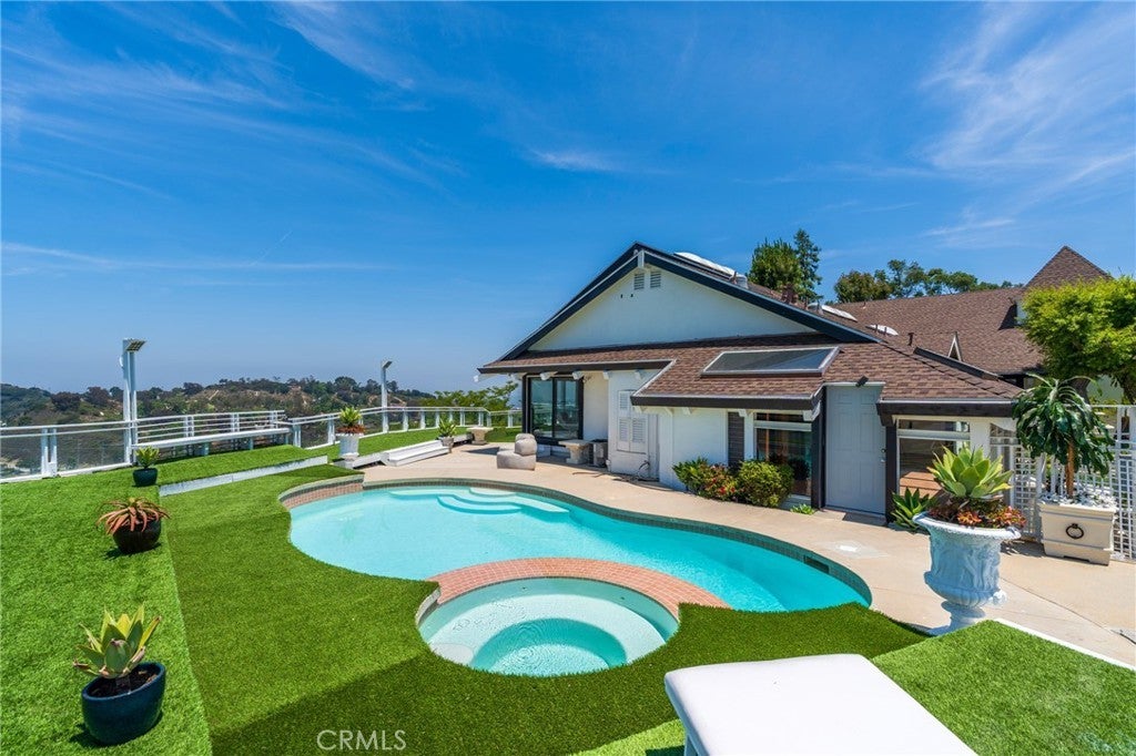 Nestled atop the prestigious, guard-gated Casiano Estates on Mulholland Drive, this newly remodeled luxury residence offers an exceptional blend of privacy, elegance, and sweeping panoramic views of both the Westside and the San Fernando Valley. Situated on over 32,000 sq. ft. of prime real estate, this home is meticulously designed to offer the ultimate in indoor-outdoor living. The expansive wrap-around patio with a built-in bar provides an ideal setting for entertaining, while the impressive 6,000 sq. ft. deck and pool area offer breathtaking 280-degree vistas. Featuring 4 spacious bedrooms and 4.5 baths, this home includes two fully remodeled bathrooms, and each bedroom is complemented by an ensuite for maximum comfort and privacy. The main-level master suite is a true sanctuary, featuring a generous walk-in closet and direct access to the pool, jacuzzi, and sauna. A gated driveway with a Ring security camera leads to a two-car garage, with additional parking for up to eight vehicles, accommodating oversized cars or RVs. Additional highlights include a wine cellar, an outdoor shower with an adjacent washer and dryer, and close proximity to Stephen S. Wise Temple. Updated in 2022, this Bel Air estate embodies the pinnacle of luxury living, offering unparalleled location, design, and amenities in one of Los Angeles’ most coveted neighborhoods.
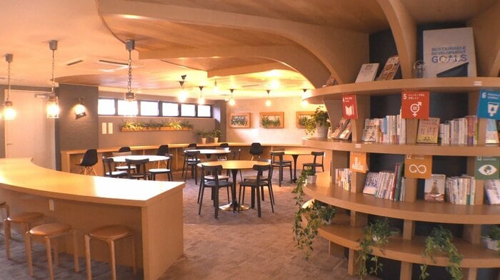 ロビーを通り、中に入ると1階のラウンジスペースには座敷や図書スペースもあり、外には、中庭も整備されています。
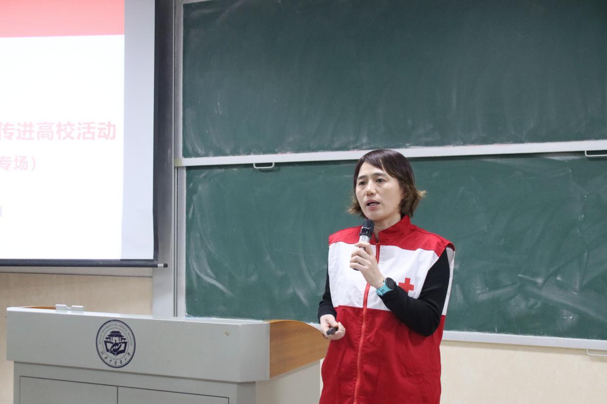 医学院团委书记廖海燕发表开场讲话。她指出,“三献”事业是一项守护生命、促进医学发展、彰显社会文明的崇高公益,并强调举办宣讲会是深入贯彻落实上级文件精神、动员青年学生的重要举措,学院后续将在各年级各专业中持续推进。最后,她勉励同学们认真聆听,掌握这项关乎“性命相托,健康所系”的必备知识与技能,夯实专业基础,履行未来医者的使命担当。

_About this exercise:_
No pictures belong in the output. It should reproduce exactly the lines from the one containing "ロビーを通り、中に入ると1階" through the end of the data, both ends included.

_Task solution:_
 ロビーを通り、中に入ると1階のラウンジスペースには座敷や図書スペースもあり、外には、中庭も整備されています。
 医学院团委书记廖海燕发表开场讲话。她指出,“三献”事业是一项守护生命、促进医学发展、彰显社会文明的崇高公益,并强调举办宣讲会是深入贯彻落实上级文件精神、动员青年学生的重要举措,学院后续将在各年级各专业中持续推进。最后,她勉励同学们认真聆听,掌握这项关乎“性命相托,健康所系”的必备知识与技能,夯实专业基础,履行未来医者的使命担当。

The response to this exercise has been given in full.